Problem to solve:
Only lines that contain the word "silk" belong in the answer; copy them from the records below.

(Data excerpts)

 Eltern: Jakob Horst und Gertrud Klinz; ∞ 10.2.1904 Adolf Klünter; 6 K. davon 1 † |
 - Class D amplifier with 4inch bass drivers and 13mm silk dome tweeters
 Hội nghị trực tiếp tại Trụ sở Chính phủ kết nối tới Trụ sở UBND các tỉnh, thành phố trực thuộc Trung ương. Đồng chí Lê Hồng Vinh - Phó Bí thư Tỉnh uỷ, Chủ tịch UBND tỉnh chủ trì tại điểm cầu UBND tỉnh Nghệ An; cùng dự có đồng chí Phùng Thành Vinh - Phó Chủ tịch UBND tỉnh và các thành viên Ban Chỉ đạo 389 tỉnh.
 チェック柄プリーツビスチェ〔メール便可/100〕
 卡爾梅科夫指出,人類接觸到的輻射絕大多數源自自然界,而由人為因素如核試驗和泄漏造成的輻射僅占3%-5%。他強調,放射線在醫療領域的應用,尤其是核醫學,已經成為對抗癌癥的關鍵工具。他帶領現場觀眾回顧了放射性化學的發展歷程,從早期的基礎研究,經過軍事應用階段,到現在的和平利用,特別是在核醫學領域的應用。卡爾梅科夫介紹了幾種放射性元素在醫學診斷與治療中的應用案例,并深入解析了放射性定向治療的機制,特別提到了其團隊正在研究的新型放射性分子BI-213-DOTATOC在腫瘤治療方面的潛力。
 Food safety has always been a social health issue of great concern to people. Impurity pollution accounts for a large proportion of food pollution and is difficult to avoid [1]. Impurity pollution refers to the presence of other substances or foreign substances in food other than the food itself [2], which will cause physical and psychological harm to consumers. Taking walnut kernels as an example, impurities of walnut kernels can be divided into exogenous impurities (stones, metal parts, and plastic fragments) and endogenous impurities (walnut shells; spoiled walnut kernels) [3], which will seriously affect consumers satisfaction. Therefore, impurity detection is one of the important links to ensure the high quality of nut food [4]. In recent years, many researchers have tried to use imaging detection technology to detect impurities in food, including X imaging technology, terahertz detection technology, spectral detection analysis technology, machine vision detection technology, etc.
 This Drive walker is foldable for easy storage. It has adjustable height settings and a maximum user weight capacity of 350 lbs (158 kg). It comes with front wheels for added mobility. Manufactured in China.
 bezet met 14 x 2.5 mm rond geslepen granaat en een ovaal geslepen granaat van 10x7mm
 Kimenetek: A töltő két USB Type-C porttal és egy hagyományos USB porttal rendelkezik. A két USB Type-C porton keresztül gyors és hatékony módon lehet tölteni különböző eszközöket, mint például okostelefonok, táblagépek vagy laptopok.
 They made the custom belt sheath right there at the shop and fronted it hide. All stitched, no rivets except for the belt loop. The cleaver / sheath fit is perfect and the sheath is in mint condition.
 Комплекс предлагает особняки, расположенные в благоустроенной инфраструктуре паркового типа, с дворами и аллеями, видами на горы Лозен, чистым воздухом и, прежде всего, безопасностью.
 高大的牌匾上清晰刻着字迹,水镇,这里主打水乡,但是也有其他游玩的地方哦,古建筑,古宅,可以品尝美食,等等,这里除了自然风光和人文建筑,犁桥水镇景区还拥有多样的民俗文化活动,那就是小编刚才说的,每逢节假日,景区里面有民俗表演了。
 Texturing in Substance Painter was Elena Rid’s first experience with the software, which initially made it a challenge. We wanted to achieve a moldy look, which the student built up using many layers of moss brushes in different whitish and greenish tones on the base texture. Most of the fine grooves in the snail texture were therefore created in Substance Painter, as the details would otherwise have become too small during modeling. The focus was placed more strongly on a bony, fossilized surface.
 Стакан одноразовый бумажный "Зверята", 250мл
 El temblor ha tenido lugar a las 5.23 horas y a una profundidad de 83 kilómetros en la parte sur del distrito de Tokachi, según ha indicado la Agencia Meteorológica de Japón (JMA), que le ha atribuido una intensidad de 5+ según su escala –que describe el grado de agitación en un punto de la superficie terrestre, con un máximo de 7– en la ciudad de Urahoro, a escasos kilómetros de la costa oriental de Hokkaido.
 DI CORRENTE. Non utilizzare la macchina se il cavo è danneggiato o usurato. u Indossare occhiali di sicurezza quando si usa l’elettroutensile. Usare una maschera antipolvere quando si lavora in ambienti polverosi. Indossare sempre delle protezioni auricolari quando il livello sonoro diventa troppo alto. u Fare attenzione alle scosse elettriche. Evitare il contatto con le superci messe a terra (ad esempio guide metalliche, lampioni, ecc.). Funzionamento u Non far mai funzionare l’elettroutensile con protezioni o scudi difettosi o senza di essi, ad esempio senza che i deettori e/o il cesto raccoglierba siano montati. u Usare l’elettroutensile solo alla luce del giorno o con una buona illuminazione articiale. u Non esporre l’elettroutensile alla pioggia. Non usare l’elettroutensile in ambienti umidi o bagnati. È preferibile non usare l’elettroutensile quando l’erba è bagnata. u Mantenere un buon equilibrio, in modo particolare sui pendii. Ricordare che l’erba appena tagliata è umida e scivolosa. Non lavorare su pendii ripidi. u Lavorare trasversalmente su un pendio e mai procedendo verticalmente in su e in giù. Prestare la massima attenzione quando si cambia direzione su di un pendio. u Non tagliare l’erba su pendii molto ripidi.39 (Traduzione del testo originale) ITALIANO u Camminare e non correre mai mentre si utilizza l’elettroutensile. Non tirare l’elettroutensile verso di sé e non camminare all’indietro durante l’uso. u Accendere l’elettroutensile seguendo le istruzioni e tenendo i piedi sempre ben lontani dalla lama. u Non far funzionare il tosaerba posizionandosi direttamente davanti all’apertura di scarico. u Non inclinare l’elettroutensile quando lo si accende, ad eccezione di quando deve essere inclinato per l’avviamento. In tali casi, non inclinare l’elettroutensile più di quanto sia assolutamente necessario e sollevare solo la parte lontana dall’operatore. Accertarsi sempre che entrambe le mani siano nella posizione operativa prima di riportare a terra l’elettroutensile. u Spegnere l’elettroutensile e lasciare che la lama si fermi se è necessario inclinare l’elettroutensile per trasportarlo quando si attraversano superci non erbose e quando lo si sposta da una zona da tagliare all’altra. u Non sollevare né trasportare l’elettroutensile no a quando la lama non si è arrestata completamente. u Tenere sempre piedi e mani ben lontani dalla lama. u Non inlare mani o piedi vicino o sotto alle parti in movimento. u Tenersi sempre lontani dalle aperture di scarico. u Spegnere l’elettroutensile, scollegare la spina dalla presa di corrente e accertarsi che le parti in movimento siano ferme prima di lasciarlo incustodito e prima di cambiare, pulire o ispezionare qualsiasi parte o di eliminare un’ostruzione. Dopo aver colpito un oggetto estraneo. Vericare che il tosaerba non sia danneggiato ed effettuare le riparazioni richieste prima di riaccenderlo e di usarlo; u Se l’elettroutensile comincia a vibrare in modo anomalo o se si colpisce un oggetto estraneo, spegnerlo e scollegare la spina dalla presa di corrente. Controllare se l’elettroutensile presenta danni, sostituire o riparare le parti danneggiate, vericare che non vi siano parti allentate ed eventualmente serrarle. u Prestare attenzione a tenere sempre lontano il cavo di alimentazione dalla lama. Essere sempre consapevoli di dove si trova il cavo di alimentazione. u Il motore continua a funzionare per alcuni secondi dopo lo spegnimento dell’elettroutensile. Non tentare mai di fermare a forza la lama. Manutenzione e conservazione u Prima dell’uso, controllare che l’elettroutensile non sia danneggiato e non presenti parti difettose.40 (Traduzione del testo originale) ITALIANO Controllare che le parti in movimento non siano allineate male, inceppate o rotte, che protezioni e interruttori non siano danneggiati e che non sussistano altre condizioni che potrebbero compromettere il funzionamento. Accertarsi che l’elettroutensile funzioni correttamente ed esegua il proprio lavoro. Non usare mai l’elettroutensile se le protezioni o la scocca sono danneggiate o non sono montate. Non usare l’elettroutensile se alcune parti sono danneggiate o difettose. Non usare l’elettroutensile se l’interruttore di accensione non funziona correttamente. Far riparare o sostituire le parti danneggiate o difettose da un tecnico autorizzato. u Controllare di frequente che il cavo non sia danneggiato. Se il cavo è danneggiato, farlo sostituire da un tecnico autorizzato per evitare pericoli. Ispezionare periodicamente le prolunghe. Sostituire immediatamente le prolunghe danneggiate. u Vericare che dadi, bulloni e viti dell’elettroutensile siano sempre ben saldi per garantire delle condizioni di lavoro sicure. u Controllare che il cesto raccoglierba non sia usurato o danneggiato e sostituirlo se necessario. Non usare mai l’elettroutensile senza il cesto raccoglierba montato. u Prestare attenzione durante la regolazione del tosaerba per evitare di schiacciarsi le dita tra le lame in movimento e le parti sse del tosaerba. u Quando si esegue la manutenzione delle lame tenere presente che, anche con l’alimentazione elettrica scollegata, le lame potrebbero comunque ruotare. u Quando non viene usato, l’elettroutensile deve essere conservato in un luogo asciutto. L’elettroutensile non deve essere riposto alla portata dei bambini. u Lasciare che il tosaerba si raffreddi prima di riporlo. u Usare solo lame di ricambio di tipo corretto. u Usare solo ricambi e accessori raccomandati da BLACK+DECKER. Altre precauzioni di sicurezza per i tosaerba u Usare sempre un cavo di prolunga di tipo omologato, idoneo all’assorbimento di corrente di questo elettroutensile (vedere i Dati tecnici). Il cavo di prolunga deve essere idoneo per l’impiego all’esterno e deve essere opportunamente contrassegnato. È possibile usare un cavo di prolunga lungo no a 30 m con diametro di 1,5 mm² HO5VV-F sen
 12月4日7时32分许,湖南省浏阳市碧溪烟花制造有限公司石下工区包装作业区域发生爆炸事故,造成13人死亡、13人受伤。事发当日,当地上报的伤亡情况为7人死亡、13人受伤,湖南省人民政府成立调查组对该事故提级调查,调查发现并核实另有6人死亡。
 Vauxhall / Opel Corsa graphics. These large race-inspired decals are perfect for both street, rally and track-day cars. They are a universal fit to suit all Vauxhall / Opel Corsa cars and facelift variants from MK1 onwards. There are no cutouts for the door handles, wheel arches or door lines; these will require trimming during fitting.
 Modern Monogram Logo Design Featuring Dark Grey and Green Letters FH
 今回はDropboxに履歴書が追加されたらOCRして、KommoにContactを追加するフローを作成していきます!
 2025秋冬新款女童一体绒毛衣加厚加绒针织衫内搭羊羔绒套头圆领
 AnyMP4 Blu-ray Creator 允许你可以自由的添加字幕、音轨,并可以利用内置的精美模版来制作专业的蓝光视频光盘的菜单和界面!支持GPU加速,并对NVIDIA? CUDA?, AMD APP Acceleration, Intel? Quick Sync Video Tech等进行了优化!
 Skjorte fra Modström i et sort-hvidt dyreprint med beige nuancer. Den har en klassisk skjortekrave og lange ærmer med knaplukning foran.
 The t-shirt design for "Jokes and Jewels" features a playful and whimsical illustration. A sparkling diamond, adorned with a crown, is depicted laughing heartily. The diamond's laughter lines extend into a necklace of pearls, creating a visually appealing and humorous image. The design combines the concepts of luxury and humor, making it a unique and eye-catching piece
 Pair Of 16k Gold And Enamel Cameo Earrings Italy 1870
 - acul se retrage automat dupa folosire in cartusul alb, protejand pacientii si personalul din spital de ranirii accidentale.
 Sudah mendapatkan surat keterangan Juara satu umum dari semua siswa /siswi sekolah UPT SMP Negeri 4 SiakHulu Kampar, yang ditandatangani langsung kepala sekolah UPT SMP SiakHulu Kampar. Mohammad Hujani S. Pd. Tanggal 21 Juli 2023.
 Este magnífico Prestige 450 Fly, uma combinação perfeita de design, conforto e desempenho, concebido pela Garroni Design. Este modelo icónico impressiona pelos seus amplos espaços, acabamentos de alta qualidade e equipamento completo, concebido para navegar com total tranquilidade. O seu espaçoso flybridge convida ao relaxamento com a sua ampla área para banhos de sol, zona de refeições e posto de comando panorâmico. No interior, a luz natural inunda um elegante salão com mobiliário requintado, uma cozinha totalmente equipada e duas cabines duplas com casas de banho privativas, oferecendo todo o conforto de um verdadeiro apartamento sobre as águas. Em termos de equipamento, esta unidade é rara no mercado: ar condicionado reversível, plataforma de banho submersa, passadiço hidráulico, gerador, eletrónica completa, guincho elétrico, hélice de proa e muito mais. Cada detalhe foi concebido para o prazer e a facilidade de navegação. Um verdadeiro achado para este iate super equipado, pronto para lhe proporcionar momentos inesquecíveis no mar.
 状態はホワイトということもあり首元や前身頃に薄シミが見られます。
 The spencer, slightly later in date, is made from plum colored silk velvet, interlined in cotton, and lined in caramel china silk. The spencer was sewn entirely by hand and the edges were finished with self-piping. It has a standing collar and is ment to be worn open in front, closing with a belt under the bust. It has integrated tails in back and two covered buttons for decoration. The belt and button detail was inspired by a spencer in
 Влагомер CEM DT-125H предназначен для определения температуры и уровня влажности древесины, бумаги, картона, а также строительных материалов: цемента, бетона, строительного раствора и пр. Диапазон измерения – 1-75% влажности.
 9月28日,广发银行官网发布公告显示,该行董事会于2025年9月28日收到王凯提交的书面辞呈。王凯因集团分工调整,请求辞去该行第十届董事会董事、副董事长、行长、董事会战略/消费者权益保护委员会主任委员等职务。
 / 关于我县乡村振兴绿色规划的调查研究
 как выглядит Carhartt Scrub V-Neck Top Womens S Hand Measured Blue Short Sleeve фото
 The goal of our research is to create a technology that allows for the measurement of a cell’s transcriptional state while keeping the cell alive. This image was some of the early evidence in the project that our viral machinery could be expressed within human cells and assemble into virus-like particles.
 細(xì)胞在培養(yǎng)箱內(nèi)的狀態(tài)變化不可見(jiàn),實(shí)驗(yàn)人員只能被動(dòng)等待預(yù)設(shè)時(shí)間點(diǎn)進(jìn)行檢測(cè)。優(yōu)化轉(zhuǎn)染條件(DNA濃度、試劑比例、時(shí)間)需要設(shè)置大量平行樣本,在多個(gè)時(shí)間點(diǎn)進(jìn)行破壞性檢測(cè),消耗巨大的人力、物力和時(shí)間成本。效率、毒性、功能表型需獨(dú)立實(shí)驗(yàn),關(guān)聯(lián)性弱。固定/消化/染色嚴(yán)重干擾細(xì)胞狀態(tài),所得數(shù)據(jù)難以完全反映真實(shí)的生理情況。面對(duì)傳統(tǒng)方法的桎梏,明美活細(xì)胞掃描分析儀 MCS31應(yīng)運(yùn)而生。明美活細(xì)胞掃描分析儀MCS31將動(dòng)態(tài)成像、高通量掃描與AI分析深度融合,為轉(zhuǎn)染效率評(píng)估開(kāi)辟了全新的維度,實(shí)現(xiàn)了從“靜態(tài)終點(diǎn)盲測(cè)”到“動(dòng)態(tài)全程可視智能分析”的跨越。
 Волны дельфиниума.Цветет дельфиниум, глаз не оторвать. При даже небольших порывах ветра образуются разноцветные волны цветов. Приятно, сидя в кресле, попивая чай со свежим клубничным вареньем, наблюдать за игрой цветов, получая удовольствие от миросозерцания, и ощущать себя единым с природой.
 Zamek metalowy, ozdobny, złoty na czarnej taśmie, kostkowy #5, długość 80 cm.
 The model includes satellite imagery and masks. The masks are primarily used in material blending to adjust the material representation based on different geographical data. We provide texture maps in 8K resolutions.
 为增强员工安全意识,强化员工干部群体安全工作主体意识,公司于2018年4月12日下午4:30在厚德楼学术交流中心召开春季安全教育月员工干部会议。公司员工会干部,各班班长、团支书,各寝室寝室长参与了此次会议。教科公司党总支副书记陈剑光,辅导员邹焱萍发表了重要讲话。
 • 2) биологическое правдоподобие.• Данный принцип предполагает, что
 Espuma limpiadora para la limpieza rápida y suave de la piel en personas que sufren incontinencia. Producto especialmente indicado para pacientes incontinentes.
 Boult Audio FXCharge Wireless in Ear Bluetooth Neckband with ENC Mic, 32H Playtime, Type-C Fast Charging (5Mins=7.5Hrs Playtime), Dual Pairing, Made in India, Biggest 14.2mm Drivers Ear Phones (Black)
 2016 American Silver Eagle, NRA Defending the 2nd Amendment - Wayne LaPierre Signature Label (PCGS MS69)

Worked solution:
 - Class D amplifier with 4inch bass drivers and 13mm silk dome tweeters
 The spencer, slightly later in date, is made from plum colored silk velvet, interlined in cotton, and lined in caramel china silk. The spencer was sewn entirely by hand and the edges were finished with self-piping. It has a standing collar and is ment to be worn open in front, closing with a belt under the bust. It has integrated tails in back and two covered buttons for decoration. The belt and button detail was inspired by a spencer in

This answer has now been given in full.